Dostoevsky recalled that he considered Sand then as the head of a movement for a radical social renewal of humanity. The adoration of Sand in Russia was particularly fervent, and Dostoevsky explained why: “Only this was permitted, that is, novels, the rest, practically every thought, especially from France, was strictly banned.” (According to Dostoevsky, the Russian censors made a huge error in allowing the works of George Sand.)
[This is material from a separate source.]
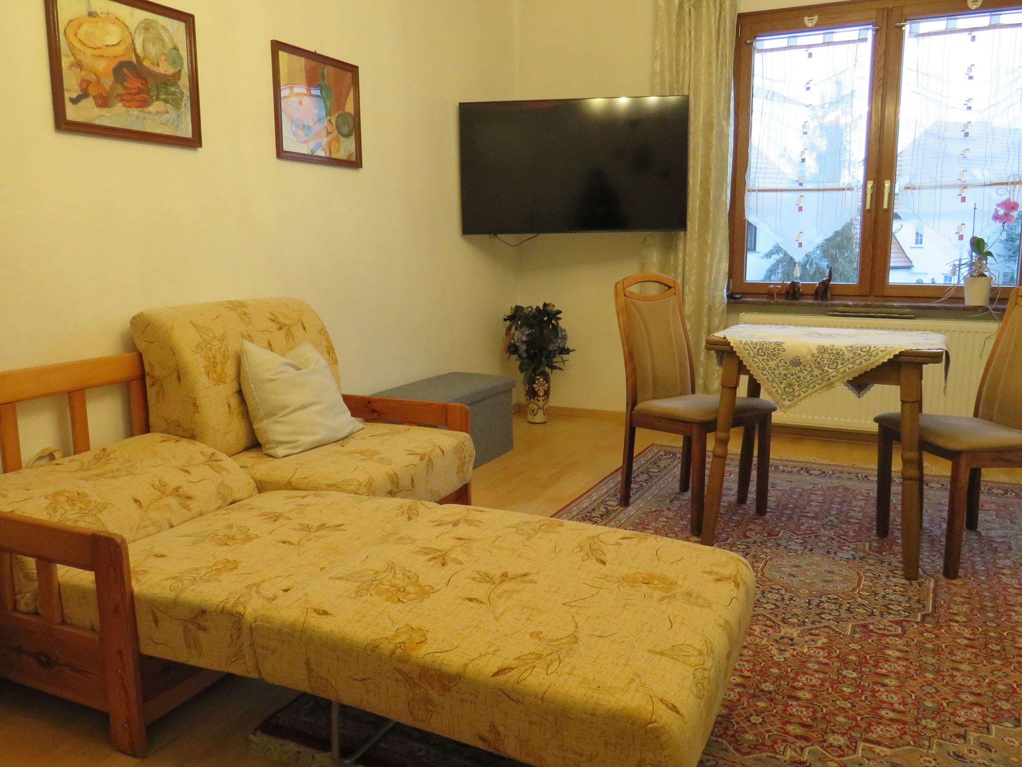 Unsere Gäste haben ein ca. 22 qm großes Zimmer mit Doppelschlafcouch, einem großen Einzelbett und eine kleine gut ausgestattete Küchenzeile zur Verfügung.

Turgenev was a “georgesandista,” and the most ardent Westernizer among them. He had read Shakespeare, Byron, and Schiller in their original languages as a child. Later, in St. Petersburg, he argued with Nekrasov and his other friends from Contemporary that even Pushkin and Lermontov, “if you look closely,” were only imitating European geniuses like Shakespeare and Byron.6

Early on as a writer, Turgenev focused on the West, measuring himself against Western literary criteria, and declaring, according to friends, “No, I’m a European at heart, my demands of life are also European! … At the very first chance, I’ll flee without looking back, and you won’t see hide or hair of me!”7

In order to realize his European ambitions, which were rather unusual even for his elite cosmopolitan circle, he needed a starting point in the West. The fulfillment of Turgenev’s dream, strangely enough, came via George Sand.

In early 1842 the Paris glitterati were excited: the new left-radical magazine La Revue independante started serializing George Sand’s sensational novel Consuelo, a story about the adventures of a fictional great singer in eighteenth-century Venice. The novel’s immediate success was due in part to it being a roman a clef: the readers easily recognized the heroine as contralto Pauline Garcia-Viardot, a close friend of the author.

Viardot’s life did resemble a novel, or a fairy tale. Born to a family of singers from Spain (her older sister was the famous mezzo-soprano Maria Malibran), she debuted in Paris in 1838 at the age of seventeen, stunning the public with her phenomenal vocal gifts (she had a range of two and a half octaves) and her exceptional musicality.

Pauline was not pretty, she was tiny with an enormous nose and mouth, bulging eyes, and wide hips, but the Romantic poet Alfred de Musset, enchanted by her talent and intellect, proposed to her. She rejected him and, taking George Sand’s advice, married the theater impresario and liberal journalist and translator (Dostoevsky read Don Quixote in his French rendering) Louis Viardot, who was more than twenty years her senior. Le tout Paris gathered in their salon, and the brilliant Pauline, who also played piano and composed, was its main star.

La Revue independante was an influential promoter of socialist ideas in France and Europe. Amazingly, by hook or crook, the journal reached St. Petersburg, where it was devoured by progressives. Given the Russians’ adoration of George Sand, the adventures of Consuelo/Pauline Viardot were a hot topics in the Russian capital.

By this time, Turgenev was a rather well known poet—tall, broad-shouldered, handsome, and a dandy (multicolored vests, lorgnette). However, his domineering mother thought he was too flighty.

His personal life was confused: he was having an affair with a sister of Mikhail Bakunin, later a notorious anarchist (Bakunin had more than brotherly feelings for her as well), but had a child with a serf laundress of his mother. He did not renounce his daughter, Pelagia, which would have been unseemly, given her strong resemblance to him.

Turgenev’s life changed in an instant when Pauline Viardot came to perform in St. Petersburg in the fall of 1843. She came to the capital because Nicholas I wanted a court Italian opera—he sang and played flute and trombone and loved Italian music. On his orders, the best singers were brought to Russia for huge fees. It was a cultural revolution for St. Petersburg, and the public went wild with heated arguments and endless gossip.